* PROBLEM DESCRIPTION:
Of all the lines in the entries below, give again exactly those starting at the line containing "Factories vector illustration" and ending at the line containing "Im Vordergrund die", both ends included, and no others.

* DATA:
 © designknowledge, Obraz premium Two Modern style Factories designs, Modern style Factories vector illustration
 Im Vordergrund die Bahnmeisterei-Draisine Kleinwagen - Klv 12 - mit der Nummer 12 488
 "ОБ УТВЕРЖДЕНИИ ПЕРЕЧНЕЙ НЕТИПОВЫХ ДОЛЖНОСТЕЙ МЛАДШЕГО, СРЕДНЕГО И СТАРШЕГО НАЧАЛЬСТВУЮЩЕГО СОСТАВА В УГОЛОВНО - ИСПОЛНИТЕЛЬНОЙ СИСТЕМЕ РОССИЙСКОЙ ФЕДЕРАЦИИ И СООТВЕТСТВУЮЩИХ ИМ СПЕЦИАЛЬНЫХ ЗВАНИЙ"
==
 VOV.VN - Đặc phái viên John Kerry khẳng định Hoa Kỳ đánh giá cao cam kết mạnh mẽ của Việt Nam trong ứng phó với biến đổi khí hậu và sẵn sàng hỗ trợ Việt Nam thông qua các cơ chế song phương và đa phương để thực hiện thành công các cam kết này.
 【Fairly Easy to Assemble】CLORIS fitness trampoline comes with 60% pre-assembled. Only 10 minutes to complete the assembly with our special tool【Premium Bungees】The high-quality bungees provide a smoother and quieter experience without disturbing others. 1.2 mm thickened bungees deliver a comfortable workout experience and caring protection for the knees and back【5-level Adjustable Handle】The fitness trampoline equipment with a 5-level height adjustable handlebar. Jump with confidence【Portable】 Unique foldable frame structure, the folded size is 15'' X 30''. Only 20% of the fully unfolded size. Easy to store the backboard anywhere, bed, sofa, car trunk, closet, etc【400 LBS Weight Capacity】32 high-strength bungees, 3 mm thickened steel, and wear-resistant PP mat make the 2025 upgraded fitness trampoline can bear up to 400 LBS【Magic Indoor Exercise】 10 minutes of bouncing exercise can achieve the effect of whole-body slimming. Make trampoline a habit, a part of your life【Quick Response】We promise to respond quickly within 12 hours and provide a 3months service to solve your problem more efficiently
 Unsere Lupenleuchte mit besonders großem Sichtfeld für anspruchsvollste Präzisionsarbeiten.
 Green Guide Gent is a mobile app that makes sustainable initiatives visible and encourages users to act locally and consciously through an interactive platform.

* OUTPUT OF THE EXERCISE:
 © designknowledge, Obraz premium Two Modern style Factories designs, Modern style Factories vector illustration
 Im Vordergrund die Bahnmeisterei-Draisine Kleinwagen - Klv 12 - mit der Nummer 12 488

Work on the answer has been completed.